These results are pretty crazy. Imagine a 386DX 33MHz from 1986 being powerful enough to play Quake
Well, it can run Quake if you have a 387 installed. Though, I wouldn't call 1-2 fps playable lol.
Still have my PIII 1000 768 ram and it plays Quake and Half Life 1 very well. XP is ok on it also! 😊
@@LaurentValette1234 I think I have 5-6 PIII machines around, including two that are dual socket boards.
33 Mhz 386DX is from 1992. In 1986 it would have required liquid nitrogen cooling. :)
It is very impressive. However the 3930K is only 9 months newer and sandy bridge was a huge improvement. I think that it’ll certainly be usable for much longer than the 990X so that is likely the cpu with the most longevity of all time.

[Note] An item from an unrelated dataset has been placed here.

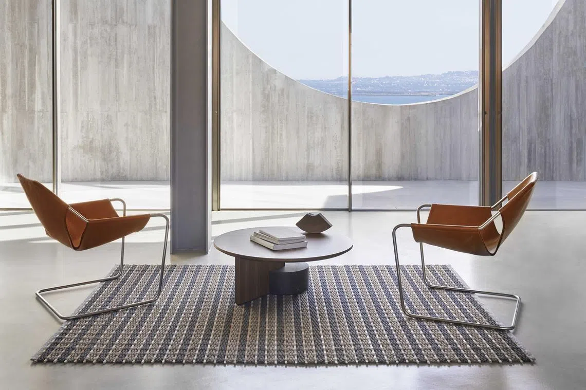 Kuma’s dexterity with materials is seen in the Goz collection for Gan – the rug-making arm of Spanish furniture company Gandia Blasco. Each rug features teak wood rods – a material rarely used in rug-making – woven into a framework of virgin wool using a manual loom. The result contrasts the softness, density and warmth of wool with the consistency of wood.

I came across what turned out to be a very rare (technically unreleased) i7-995X last year at a recycling facility with a bunch of older hardware and components. It didn't come in an original box, but was in a plastic clamshell with "#017" written on it. Snatched it up, took it home and put it in an old EVGA X58 motherboard I've had, and it surprisingly worked (although some of the CPU-Z info didn't load in). Had to use a liquid cooler because it ran super hot at 3.60GHz base. Sold the combo to a friend that collects stuff like this.
Dang you found a gold
Hey, How can i contact you?
другу, я бы даром отдал
I have one of these running in an extra gaming rig for friends when they come over. Overclocked to 4.2 on air, it keeps up with a 4790K (also an extra gaming rig) there's only about 1FPS difference between the two platforms. Both on 1660 Ti cards. Modernizing this old setup has been a fun project. I'm running a NVME boot drive with UEFI duet, and I even put in 4 raptor drives in a raid0 config just to remind the old dog where it came from lol.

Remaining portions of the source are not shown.